Optimizing Mobile-Friendly Viewport Prediction for Live 360-Degree Video Streaming

Lei Zhang,Tao Long,Weizhen Xu,Laizhong Cui,Jiangchuan Liu
2024-03-05
Abstract:Viewport prediction is the crucial task for adaptive 360-degree video streaming, as the bitrate control algorithms usually require the knowledge of the user's viewing portions of the frames. Various methods are studied and adopted for viewport prediction from less accurate statistic tools to highly calibrated deep neural networks. Conventionally, it is difficult to implement sophisticated deep learning methods on mobile devices, which have limited computation capability. In this work, we propose an advanced learning-based viewport prediction approach and carefully design it to introduce minimal transmission and computation overhead for mobile terminals. We also propose a model-agnostic meta-learning (MAML) based saliency prediction network trainer, which provides a few-sample fast training solution to obtain the prediction model by utilizing the information from the past models. We further discuss how to integrate this mobile-friendly viewport prediction (MFVP) approach into a typical 360-degree video live streaming system by formulating and solving the bitrate adaptation problem.
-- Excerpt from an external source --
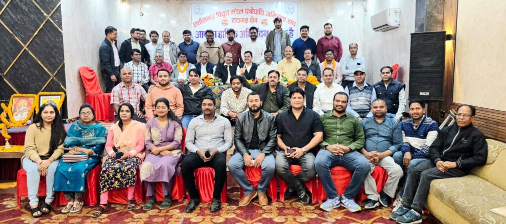 रायगढ़,(15 दिसंबर) 14 दिसंबर को छत्तीसगढ़ स्टेट पॉवर डिस्ट्रीब्यूशन कंपनी रायगढ़ क्षेत्र द्वारा बिजली विभाग के अधिकारियों का क्षेत्रीय कार्यकारिणी का चुनाव होटल श्री साईं श्रद्धा में सफलता पूर्वक संपन्न कराया गया। इस चुनाव में प्रांतीय अध्यक्ष अभियंता श्रीकांत बडगैय्या मुख्य अतिथि के रूप में शामिल हुए तथा कार्यक्रम की अध्यक्षता प्रांतीय सचिव अभियंता दीपक निकुंज ने किया चुनाव अधिकारी तथा सहायक चुनाव अधिकारी की भूमिका क्रमशः अभियंता प्रांतीय उपाध्यक्ष अविनाश दुबे तथा अभियंता संगठन सचिव राजेंद्र गिरी गोस्वामी ने निभाई । बिजली विभाग रायगढ़ रीजन अंतर्गत रायगढ़, सारंगढ़ और जांजगीर चांपा जिले के लगभग 50 से अधिक सहायक अभियंता तथा कनिष्ठ अभियंता इस कार्यक्रम में शामिल हुए।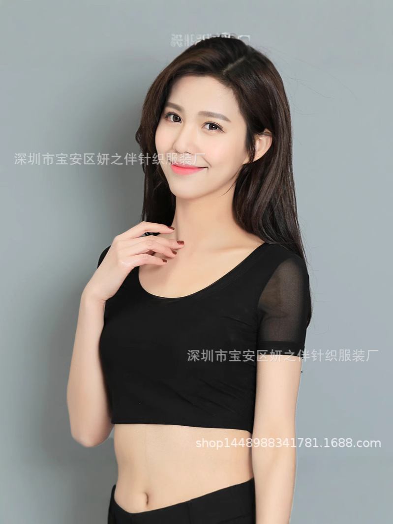 2025 весна и лето новая полуразрезная нижняя рубашка с короткими рукавами

Extensive experiment results show that our prediction approach can work in real-time for live video streaming and can achieve higher accuracies compared to other existing prediction methods on mobile end, which, together with our bitrate adaptation algorithm, significantly improves the streaming QoE from various aspects. We observe the accuracy of MFVP is 8.1$\%$ to 28.7$\%$ higher than other algorithms and achieves 3.73$\%$ to 14.96$\%$ higher average quality level and 49.6$\%$ to 74.97$\%$ less quality level change than other algorithms.
Multimedia,Image and Video Processing
What problem does this paper attempt to address?
### Problems Addressed by the Paper The paper aims to address the conflict between the performance of viewport prediction in 360-degree video live streaming and the feasibility on mobile devices. Specifically, viewport prediction is a key task in 360-degree video adaptive streaming because it directly affects the allocation of bandwidth resources and the quality of user experience. Traditional viewport prediction methods are either low in accuracy but suitable for mobile devices, or high in accuracy but computationally expensive, making them difficult to implement on mobile devices. Therefore, the paper proposes an advanced learning-based mobile-friendly viewport prediction (MFVP) method to ensure high accuracy while minimizing transmission and computational overhead, making it suitable for mobile terminals. ### Main Contributions 1. **Proposing MFVP**: A viewport prediction scheme based on advanced Graph Convolutional Networks (GCN) and modified Long Short-Term Memory networks (LSTM). GCN is used to generate saliency maps of user interest areas, and LSTM combines historical viewport information and saliency maps to predict future viewports. 2. **Fast Training Method**: Using a few-shot fast trainer based on Model-Agnostic Meta-Learning (MAML) to quickly train the saliency prediction network for each new video, thus quickly adapting to new video content in real-time live streaming. 3. **Optimized Implementation**: Ensuring that MFVP can run in real-time on mobile devices by reducing computational and transmission costs. Specific measures include reducing data sampling frequency, compressing saliency maps, and learning models. 4. **System Integration**: Integrating MFVP with a typical bitrate adaptive streaming system, designing an efficient bitrate adaptive algorithm, and experimentally verifying its superior performance in 360-degree video live streaming. ### Experimental Results Experimental results show that MFVP's prediction accuracy is 8.1% to 28.7% higher than other existing algorithms, the average quality level is 3.73% to 14.96% higher, and the quality level variation is reduced by 49.6% to 74.97%. These results demonstrate the significant advantages of MFVP in improving the user experience of 360-degree video live streaming.